In the furnace black process, incomplete combustion takes place in a reactor lined with highly refractory material. A stream of hot waste gases is produced in a pre-combustion chamber by burning a fuel/air mixture, and the carbon black raw material is sprayed or injected into that stream. The carbon black that forms is quenched by the spraying of water into the reactor and is separated from the stream of gas. The furnace carbon black process permits the preparation of carbon blacks having a very wide range of carbon black properties.
The lamp black apparatus consists of a cast-iron shell, which receives the liquid or, optionally, molten raw material, and a closed hood having a refractory lining. The air gap between the shell and the closed hood, as well as the low pressure in the system, serve to regulate the supply of air and hence to influence the properties of the carbon black. As a result of the heat radiation of the closed hood, the raw material vaporizes and is partly burnt but mainly converted into carbon black. In order to separate off the carbon black, the process gases containing carbon black are passed into a filter after cooling.

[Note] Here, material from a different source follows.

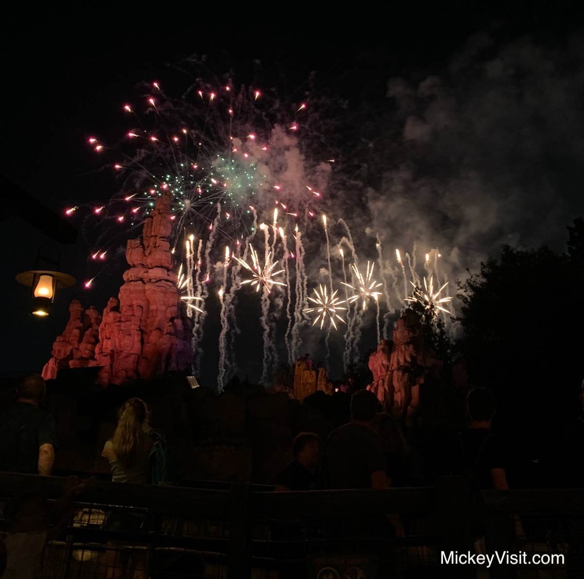 4) If you’re interested in a less crowded fireworks spot, there are several great alternative places to watch the fireworks. One of our favorite spots is in front of “it’s a small world," where you’ll be able to enjoy the projections on the facade and the fireworks off to the left. You can also watch the show from the Rivers of America in Frontierland, with music playing and projections on the water screens. If you’re seeing the first showing of Fantasmic, this spot is a great choice because you can just stay where you are. This is one of our favorite less crowded fireworks viewing spots at Disneyland.

In the gas black process, the carbon black raw material is first vaporized into a hydrogen-containing carrier gas stream and then burnt in a plurality of small flames beneath a cooled roller. Some of the carbon black that forms is deposited on the roller and some is discharged with the process gases and removed in a filter.
The mentioned processes for preparing carbon black are known from Ullmanns Enzyklopadie der technischen Chemie 4. edition Volume 14 page 633 ff.
All three processes may in principle be used within the context of the invention, but preference is given to the furnace process.
It is known to dope carbon black with silicon. Carbon blacks doped with silicon are known, for example, from WO 96/37547. Silicon-containing carbon blacks can be prepared, for example, by adding silicon-containing compounds to the carbon black raw material.
It is further known to dope carbon black also with other elements (U.S. Pat. No. 3,448,052; EP 278 743 A1; EP 829 511 A1). The doping processes are similar to silicon doping.
Aggregates consisting of a carbon black phase and a metal-containing phase are known from WO 98/42778.
Also known is a process for the preparation of an intimate mixture of carbon black with oxides of the elements boron, silicon, aluminum, titanium, zirconium, zinc, lead, tin, iron, cobalt, nickel, manganese, chromium, vanadium, molybdenum, niobium and tantalum (U.S. Pat. No. 3,094,428).
There is further known a process for the preparation of carbon black by introduction of a metal compound of the group gallium, indium, aluminum or mixtures thereof (U.S. Pat. No. 3,306,762). The addition of those metal compounds, like the addition of alkali metal compounds, brings about a lowering of the structure.
Also known is a process for the preparation of carbon blacks by addition of rare earths having atomic numbers from 57 to 71 (U.S. Pat. No. 3,383,175).
An object of the present invention is to make available a carbon black having special properties such as, for example, changed shade of color, changed electrical properties, changed pH value, functional groups, sites of reaction, and improved dynamic properties in rubber. A further object is to influence the structure of the carbon black.